» Supplied information:
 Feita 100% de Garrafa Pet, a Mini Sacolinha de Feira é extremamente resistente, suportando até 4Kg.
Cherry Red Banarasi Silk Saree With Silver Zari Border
==
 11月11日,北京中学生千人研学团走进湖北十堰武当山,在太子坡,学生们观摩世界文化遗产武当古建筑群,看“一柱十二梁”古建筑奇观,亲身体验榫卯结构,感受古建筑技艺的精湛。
* * *
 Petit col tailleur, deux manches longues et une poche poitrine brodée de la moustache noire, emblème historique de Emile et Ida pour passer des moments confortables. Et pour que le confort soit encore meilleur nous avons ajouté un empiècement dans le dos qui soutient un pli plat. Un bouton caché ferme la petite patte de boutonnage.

» Exercise directions: From the listing above, return the lines starting at the one with "Feita 100% de" and ending at the one with "Cherry Red Banarasi", both kept, exactly as they appear and nothing more.

» Response to the exercise:
 Feita 100% de Garrafa Pet, a Mini Sacolinha de Feira é extremamente resistente, suportando até 4Kg.
Cherry Red Banarasi Silk Saree With Silver Zari Border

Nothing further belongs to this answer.